# DATA FOR REVIEW
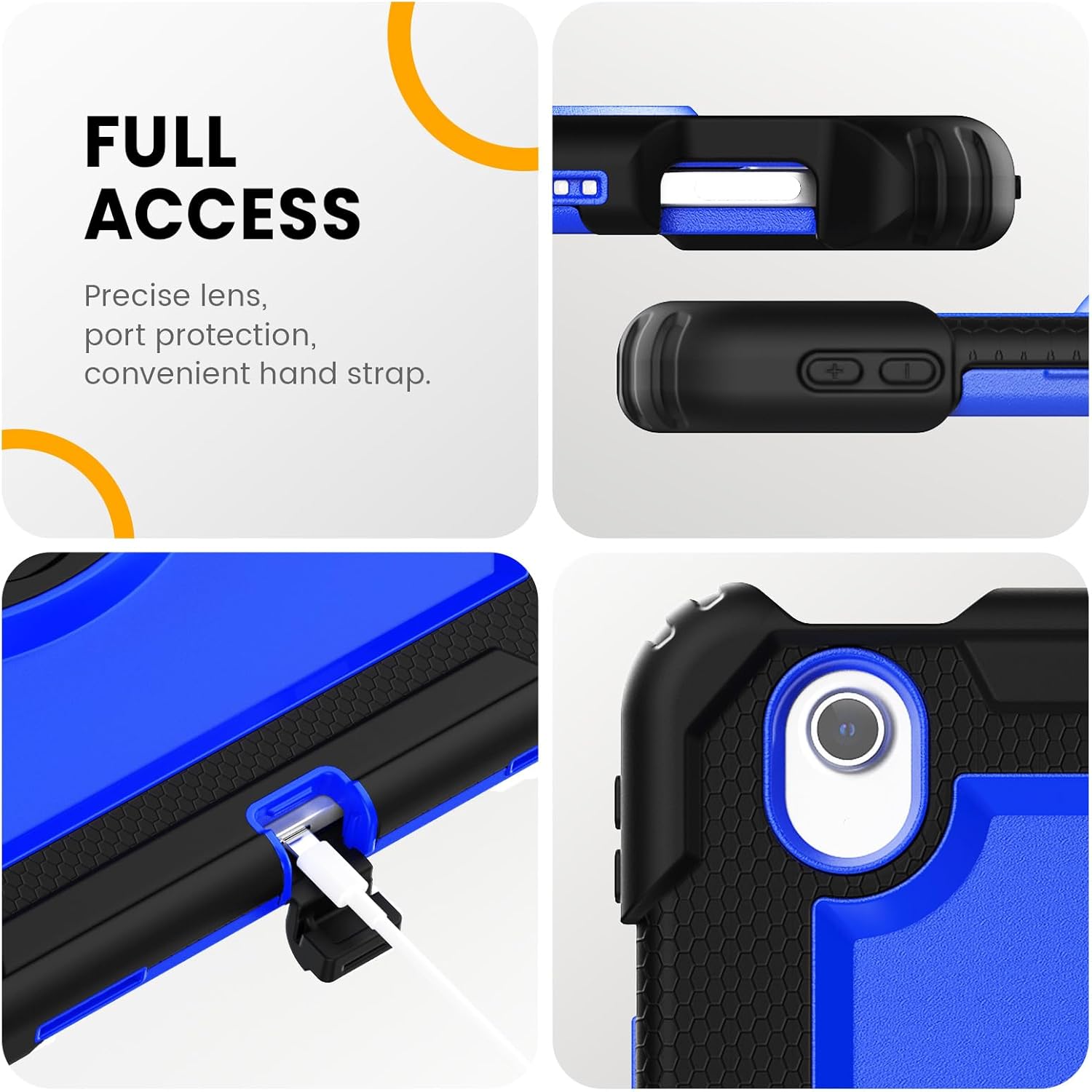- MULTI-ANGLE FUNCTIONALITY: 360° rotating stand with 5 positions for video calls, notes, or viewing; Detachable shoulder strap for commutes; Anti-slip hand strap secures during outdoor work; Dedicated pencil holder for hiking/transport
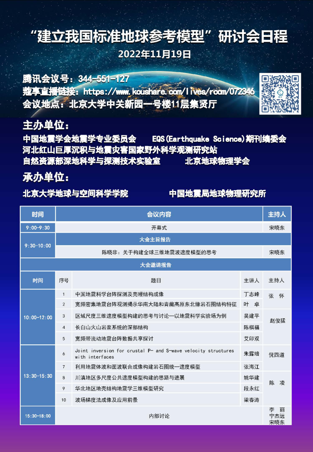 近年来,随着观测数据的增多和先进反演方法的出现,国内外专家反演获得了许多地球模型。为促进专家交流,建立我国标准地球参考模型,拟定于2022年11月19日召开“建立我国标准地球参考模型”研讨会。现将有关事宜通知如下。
...
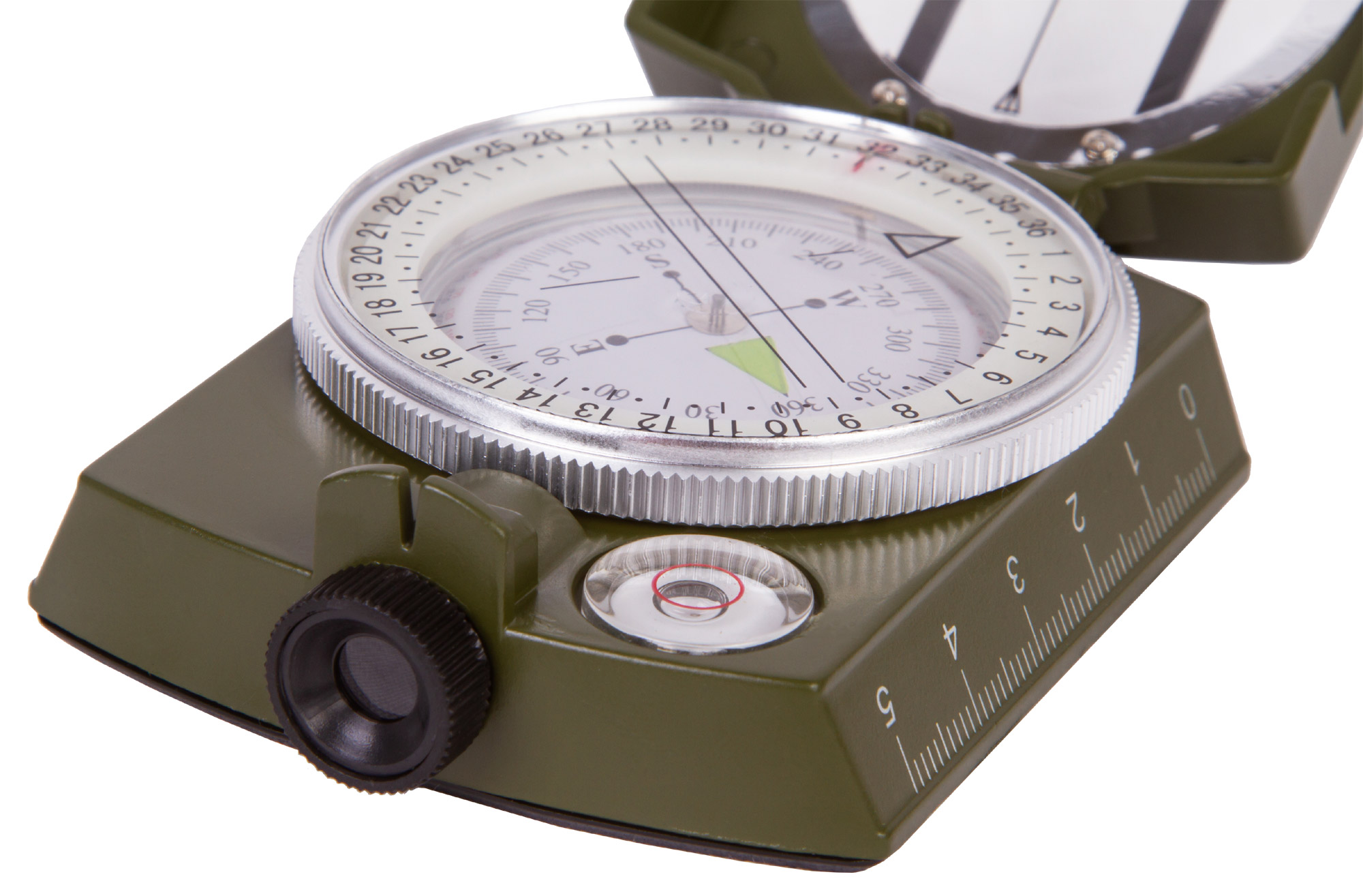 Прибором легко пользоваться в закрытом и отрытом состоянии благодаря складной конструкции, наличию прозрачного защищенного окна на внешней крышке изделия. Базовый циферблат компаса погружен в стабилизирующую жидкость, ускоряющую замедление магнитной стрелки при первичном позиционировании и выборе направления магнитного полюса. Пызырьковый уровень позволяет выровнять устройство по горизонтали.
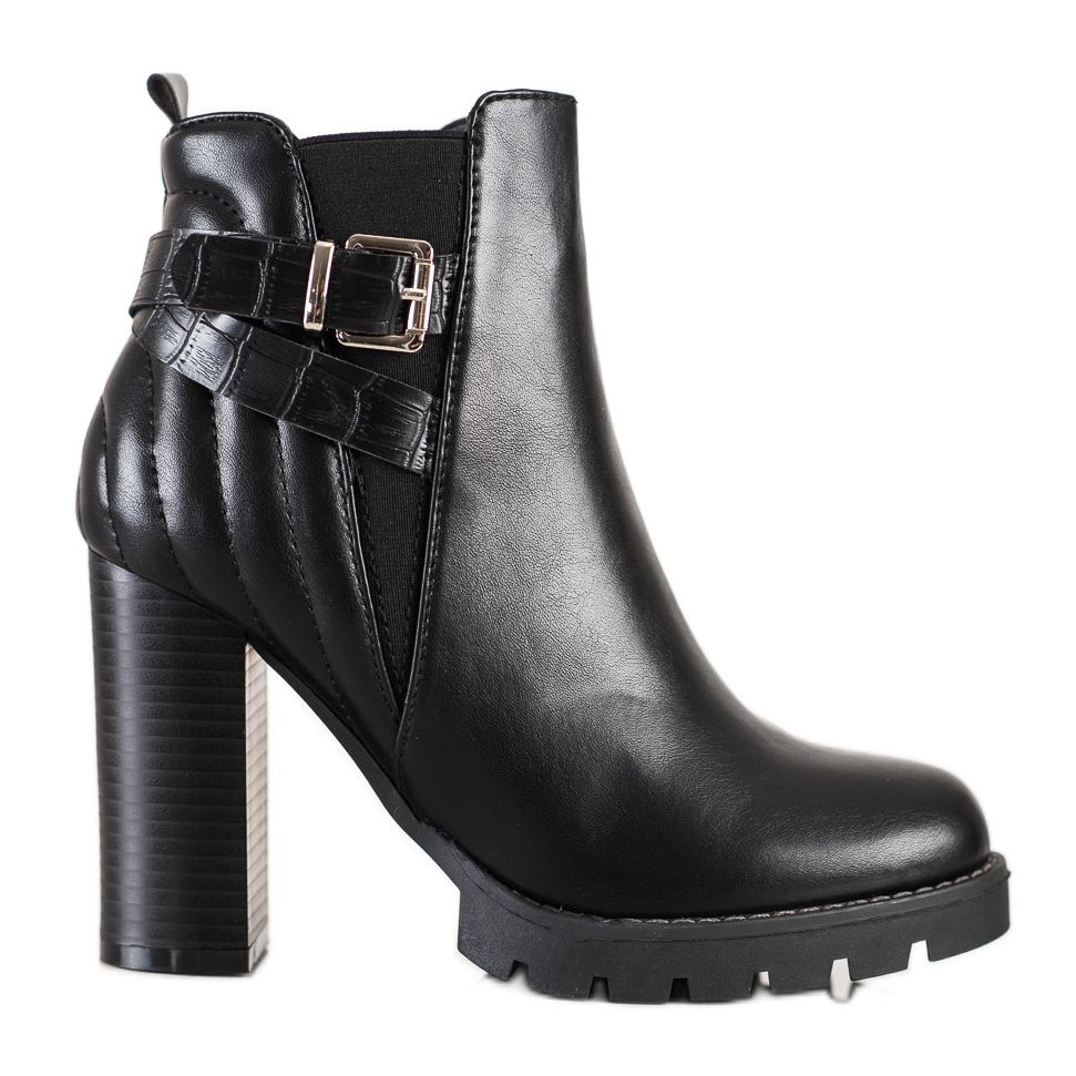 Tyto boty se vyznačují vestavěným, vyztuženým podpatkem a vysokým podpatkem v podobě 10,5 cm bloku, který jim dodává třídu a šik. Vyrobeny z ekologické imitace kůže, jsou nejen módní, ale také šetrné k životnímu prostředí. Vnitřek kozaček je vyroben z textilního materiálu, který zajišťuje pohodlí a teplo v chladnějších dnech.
==
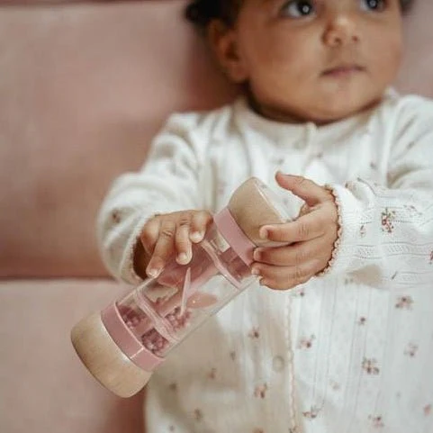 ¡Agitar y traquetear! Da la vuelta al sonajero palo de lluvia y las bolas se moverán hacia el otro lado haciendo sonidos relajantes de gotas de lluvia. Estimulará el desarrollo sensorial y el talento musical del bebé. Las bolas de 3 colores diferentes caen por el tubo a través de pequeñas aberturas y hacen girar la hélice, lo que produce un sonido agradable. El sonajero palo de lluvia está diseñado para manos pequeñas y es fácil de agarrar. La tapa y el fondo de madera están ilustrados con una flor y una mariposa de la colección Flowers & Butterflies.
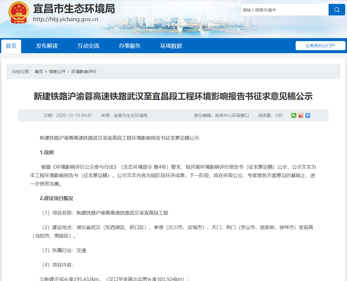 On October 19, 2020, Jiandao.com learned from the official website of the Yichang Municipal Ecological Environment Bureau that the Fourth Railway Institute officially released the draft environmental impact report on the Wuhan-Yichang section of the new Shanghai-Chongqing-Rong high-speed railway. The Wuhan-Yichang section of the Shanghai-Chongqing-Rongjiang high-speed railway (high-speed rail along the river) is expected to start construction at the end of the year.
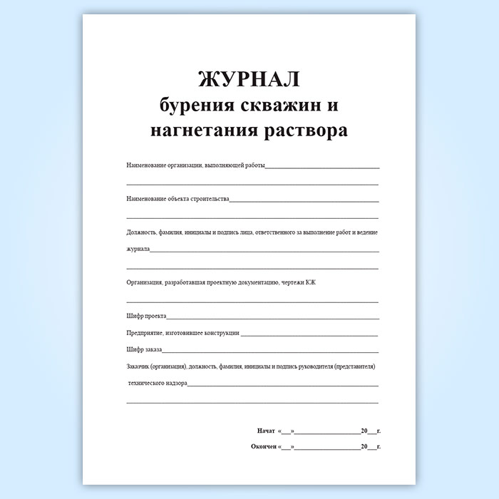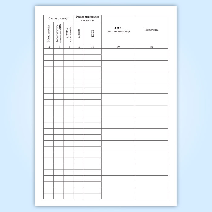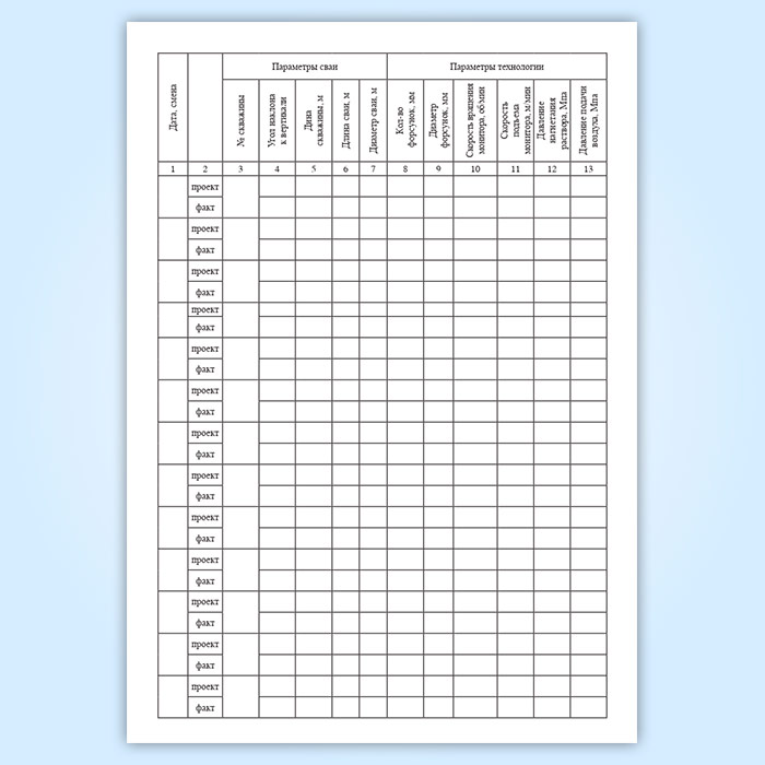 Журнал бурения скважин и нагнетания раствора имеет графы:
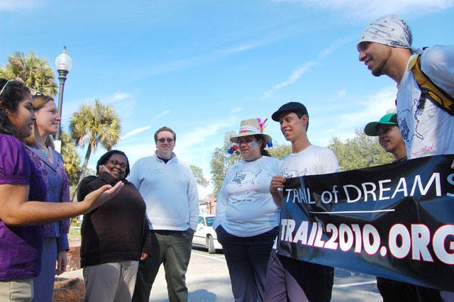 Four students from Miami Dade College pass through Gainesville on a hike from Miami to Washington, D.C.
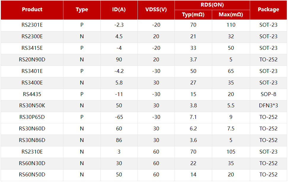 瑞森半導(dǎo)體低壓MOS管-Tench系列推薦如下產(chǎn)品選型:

# WHAT IS NEEDED
What to print is the stretch of entries from the line with "- MULTI-ANGLE FUNCTIONALITY: 360°" up to and including the line with "近年来,随着观测数据的增多和". Please print it exactly and leave out the pictures.

# EXERCISE RESULT
- MULTI-ANGLE FUNCTIONALITY: 360° rotating stand with 5 positions for video calls, notes, or viewing; Detachable shoulder strap for commutes; Anti-slip hand strap secures during outdoor work; Dedicated pencil holder for hiking/transport
 近年来,随着观测数据的增多和先进反演方法的出现,国内外专家反演获得了许多地球模型。为促进专家交流,建立我国标准地球参考模型,拟定于2022年11月19日召开“建立我国标准地球参考模型”研讨会。现将有关事宜通知如下。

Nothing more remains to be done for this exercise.